# Son of Miami Chief Timoney arrested on drug charges in New York



## kwflatbed (Dec 29, 2004)

By JIM FITZGERALD
Associated Press Writer
WHITE PLAINS, N.Y.
The 25-year-old son of Miami police Chief John Timoney was arrested for trying to buy 400 pounds of marijuana from an undercover federal agent, the Drug Enforcement Administration said Wednesday.

A court complaint said Sean Timoney of Philadelphia gave the agent a gym bag filled with approximately $450,000 in cash.

Timoney and Jae Seu, 23, of Glenside, Pa., were arrested Tuesday night in Spring Valley, said Elizabeth Jordan, a spokeswoman for the DEA in Manhattan. They were charged with conspiracy to possess and distribute a controlled substance.

The two defendants were taken to Albany for arraignment and were ordered held there pending a bail hearing Friday.

The complaint said the defendants met in a Spring Valley hotel room with DEA agent Leonard Uller at 8:30 p.m.

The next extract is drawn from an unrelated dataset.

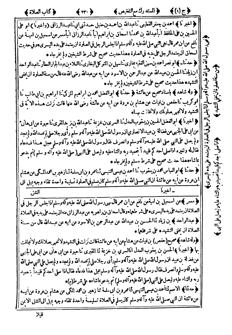 وَفِي حَدِيثِ إِسْحَاقَ : أَنْ يَعْتَمِدَ الرَّجُلُ عَلَى يَدَيْهِ فِي الصَّلاَةِ . هَذَا حَدِيثٌ صَحِيحٌ عَلَى شَرْطِ الشَّيْخَيْنِ وَلَمْ يُخَرِّجَاهُ.

After handing over the cash as a "partial payment," they left the hotel room to inspect the purchased marijuana and were arrested, it said.

The meeting had been arranged by Seu and Uller, according to the complaint.

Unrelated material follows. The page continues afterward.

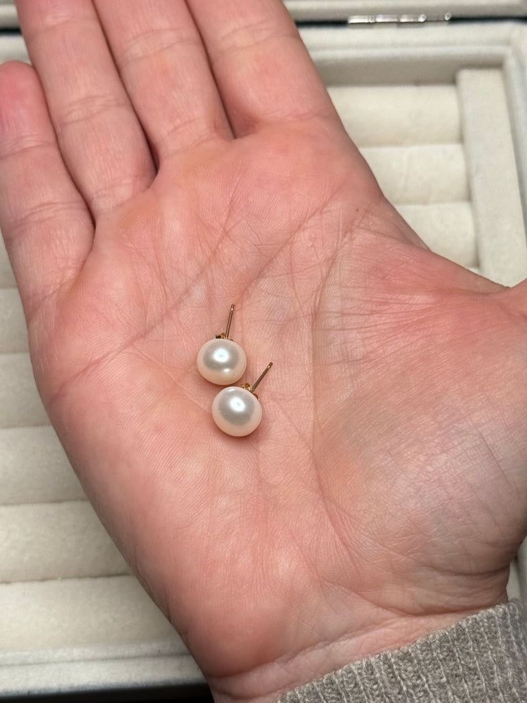 Classic. Elegant. Timeless. Every women needs a pair of simple pearl earrings in her collection. These beauties have 14k gold posts and are the perfect size for every day.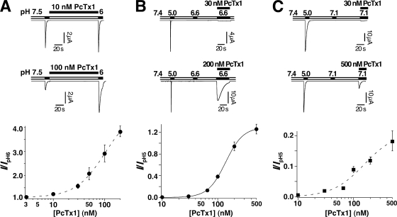 Figure 3. (A) PcTx1 potentiated ASIC1b currents elicited by pH 6.0. Top, representative current traces. Conditioning pH was 7.5. PcTx1 was applied in the conditioning period for 120 s. Bottom, concentration–response relationship (n = 5–9). Fit to the Hill equation revealed half-maximal potentiation at 101 nM (dashed line). Since a maximal response was not reached, this EC50 value provides a lower limit for the apparent affinity. (B) PcTx1 directly and robustly opened ASIC1b. Top, different concentrations of PcTx1 were coapplied with pH 6.6. pH 6.6 alone did not open ASIC1b. Bottom, concentration–response relationship. Solid line represents a fit to the Hill equation and revealed half-maximal potentiation at 139 nM (n = 4–8). (C) PcTx1 directly opened ASIC1a. Top, different concentrations of PcTx1 were coapplied with pH 7.1 (n = 4–10). pH 7.1 alone did not open ASIC1a. Bottom, concentration–response relationship. Fit to the Hill equation revealed half-maximal potentiation at 156 nM (dashed line), providing a lower limit for the apparent affinity.

Miami police said Chief Timoney was "aware of the arrest."

"He does not have all the details and he's not going to comment on it publicly because it's a private family matter," Miami police spokesman Delrish Moss said.

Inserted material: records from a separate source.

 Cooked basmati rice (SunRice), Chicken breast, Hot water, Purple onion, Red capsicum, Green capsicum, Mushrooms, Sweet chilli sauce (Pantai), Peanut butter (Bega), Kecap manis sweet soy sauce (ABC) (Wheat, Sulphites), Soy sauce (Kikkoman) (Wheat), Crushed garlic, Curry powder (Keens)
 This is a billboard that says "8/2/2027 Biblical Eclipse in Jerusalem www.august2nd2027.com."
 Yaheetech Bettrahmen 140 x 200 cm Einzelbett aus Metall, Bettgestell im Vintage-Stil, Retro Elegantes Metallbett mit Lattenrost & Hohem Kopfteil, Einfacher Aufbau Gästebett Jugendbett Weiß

Timoney, who rose through the ranks of the New York Police Department to become a chief and first deputy commissioner, then became chief of police in Philadelphia before moving to Miami.

He is well-known in law enforcement circles and is often sought out by television networks to comment on police affairs.

---

Associated Press Writer Michael Virtanen contributed to this report.


----------



## MVS (Jul 2, 2003)

Making Dad proud...


----------